Complaints poured in.

The subsequent conversation was something like this:

“Why aren’t you acknowledging that the order has been received?”

“You explicitly told us to not send that email. See this communication (cite reference).”

“But that was not what we meant. We meant, don’t send it if the user has received the ‘Your order has been processed.’ email.”

“How are we supposed to know if email system delivered his mail and that he read it in the right order? We’re good, but not that good.”

“You mean emails can arrive or be read in the wrong order?”

“Exactly what we said in this communication (cite reference).”

“...”

“May I suggest we number the emails so that the user can figure it out if they arrive in the wrong order?”

“No, don’t do that. Just put it back the way it was.”

Done, and we are back to the original problem.

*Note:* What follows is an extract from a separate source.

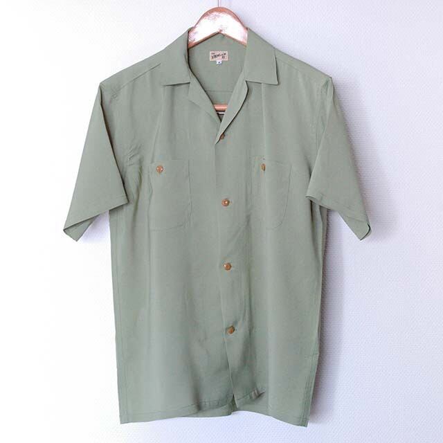 1940年代から20年程アメリカンカジュアルシーンで使用されたレーヨン素材。ハワイアンとボーリングシャツはレーヨンがマスト、パルプから合成したシルクタッチのデリケートな風合いに未了されます。(水洗いで着丈が5㎝短かくなります。)

Out-of-order packets are an old problem that existed and was solved before computers. Computer programmers are, of course, very aware of the problem and the solutions. Computer programmers are well versed in the problems of “process”, and when laymen try to play at being programmers by interfering with process, they generally screw it up.

9 comments:

Anonymous said...

There a statistical solution to this? Approve the first email and wait N minutes to get approximately 99.99% of emails in order?

Joe Marshall said...

We were processing millions of orders every day, so even getting 99.99% of the right means a hundred errors daily.

Anonymous said...

Have each email contain full list of the "steps" that have happened. If user gets an email with "steps 1, 2, 3 are done" then gets an email with "steps 1, 2 are done" they can pretty easily see what has happened. Especially if the content for each step is identical between emails.

Anonymous said...

The solution may be the following: setup a relay email server and instruct the API to send emails to user-email-dog-user-domain@relay.server.com instead of real emails. The rather simple script on the relay server will just forward emails to the real addresses, but it can hold out-of-order emails while previous ones will arrived.

Anonymous said...

That sounds like the same problem. How does the relay server know that first email has been delivered to send the second one?

Anonymous said...

You can analyze the mail subject, for example. Anyway, the letter always contains all information needed to identify it (the order number, the stage of processing, etc). If you see the mail #2 for order #XXX, but you did not seen the #1 for #XXX, put the mail back in the queue, instead of delivery.

Joe Marshall said...

Recall that I repeatedly floated the idea of numbering the emails so they could clearly be put in the right order by the recipient. This suggestion was shot down several times. I got tired of suggesting solutions and instead enjoyed watching them flail away at unworkable ideas.

Scott L. Burson said...

This is the kind of thing that worries me about novices "vibe coding" with LLMs. The LLM is unlikely to even warn them of the problem, and certainly won't refuse to implement a wrong solution if they insist on it.

There's more to software engineering than coding.

Anonymous said...

I like when I place an order online and the site sends me an email that links to a status page where I can check the status of my order. And that page will update dynamically, so I always know what's going on even if any notification emails arrived out of order. I think this is a good solution if Google is not doing that already.